Issue: WON the misjoinder of causes of action and parties affect the jurisdiction of the MTC to hear and proceed with respondents’ application for registration.

Held: No. Considering every application for land registration filed in strict accordance with the Property Registration Decree as a single cause of action, then the defect in the joint application for registration filed by the respondents with the MTC constitutes a misjoinder of causes of action and parties. Instead of a single or joint application for registration, respondents Jeremias and David, more appropriately, should have filed separate applications for registration of Lots No. 8422 and 8423, respectively. Misjoinder of causes of action and parties do not involve a question of jurisdiction of the court to hear and proceed with the case. They are not even accepted grounds for dismissal thereof. Instead, under the Rules of Court, the misjoinder of causes of action and parties involve an implied admission of the court’s jurisdiction. It acknowledges the power of the court, acting upon the motion of a party to the case or on its own initiative, to order the severance of the misjoined cause of action, to be proceeded with separately (in case of misjoinder of causes of action); and/or the dropping of a party and the severance of any claim against said misjoined party, also to be proceeded with separately (in case of misjoinder of parties).
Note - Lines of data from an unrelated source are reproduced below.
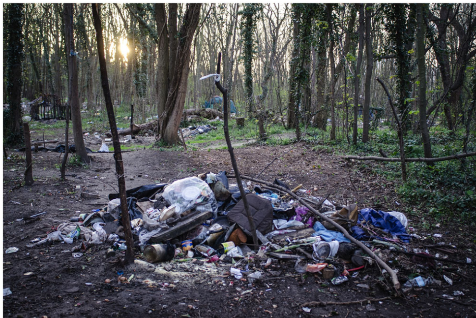
Figure 3: A former squatter camp near Calais, forcibly cleared by police in April 2015 [Colour figure can be viewed at wileyonlinelibrary.com ]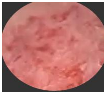
Fig-3: The created microfractures with 3-4 mm intervals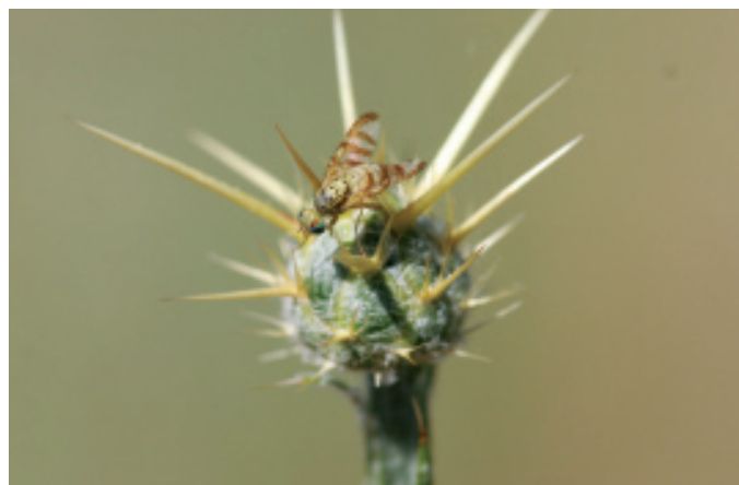
False peacock fly. Accidentally introduced, the false peacock fly is one of the most common seed head insects found on yellow starthistle.

Several plant pathogens are known to attack yellow starthistle seedlings and rosettes in California: Sclerotinia minor , Colletotrichum gloeosporioides and a new species of Ascophyta (Woods 1996, Woods and Fogle 1998, Pitcairn et al. 2000b). All three species are naturally present in California. Seedlings of yellow starthistle were observed to be infested with Ascophyta n. sp. during two winters at one location in central California (Woods 1996). Unfortunately, infestations by Ascophyta n. sp. have not been observed since then. More commonly, S. minor and C. gloeosporioides have been observed to cause high mortality rates in starthistle seedlings at several locations, particularly in areas where skeletons of previous years starthistle plants provide shading. Both of these pathogens are not host specific and are able to infect important crops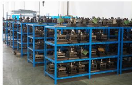
Mold Library ▲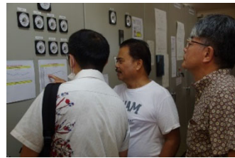
▲ Survey of Power Plants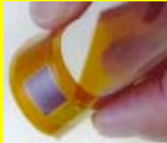
Ultra-thinning/ Flexible Circuits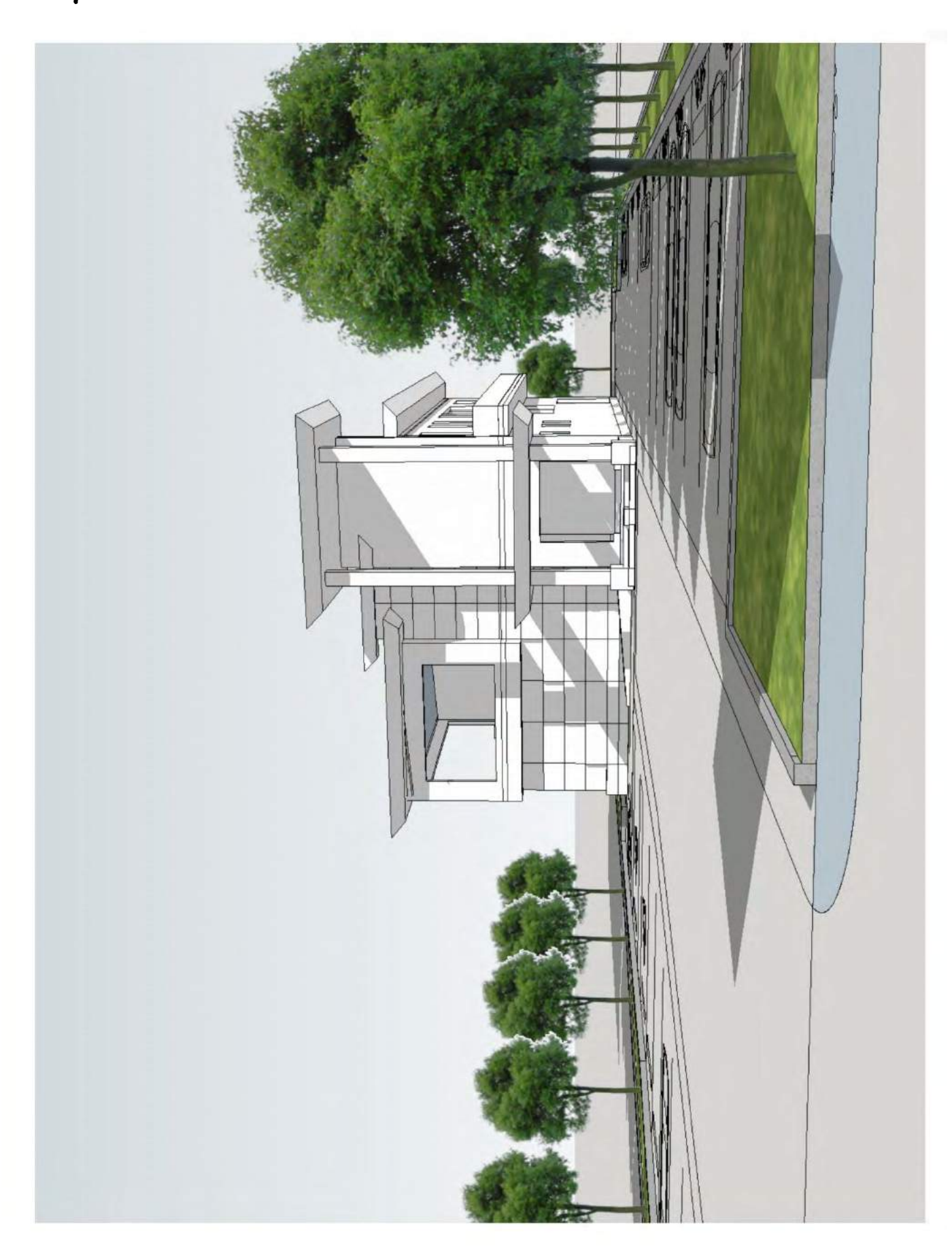
Perspective I – Front of TTARP Administrative Head Office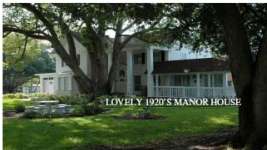
LOVELY 1920'S MANOR HOUSE

STRICTLY CONFIDENTIAL, AND SHOWN BY APPOINTMENT ONLY; TENANTS ARE UNAWARE OF POTENTIAL SALE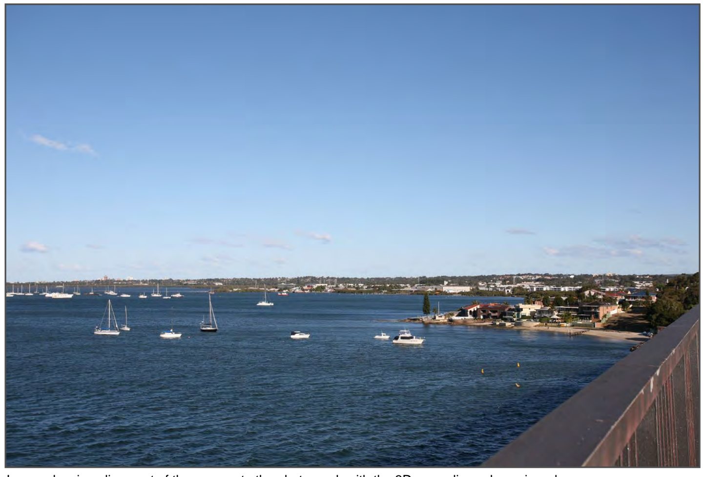
Image showing alignment of the camera to the photograph with the 3D suvey lines shown in red.

Date: 05/07/2011 2:26 PM Camera: Canon EOS 5D

The misjoinder of causes of action and parties in the present Petition may have been corrected by the MTC motu propio or on motion of the petitioner Republic. It is regrettable, however, that the MTC failed to detect the misjoinder when the application for registration was still pending before it; and more regrettable that the petitioner Republic did not call the attention of the MTC to the fact by filing a motion for severance of the causes of action and parties, raising the issue of misjoinder only before this Court. Although the misjoinder of causes of action and parties in the present Petition did not affect the jurisdiction of the MTC over the land registration proceeding, this Court, nonetheless, has discovered a defect in the publication of the Notice of Initial Hearing, which bars the MTC from assuming jurisdiction to hear and proceed with respondents’ application for registration.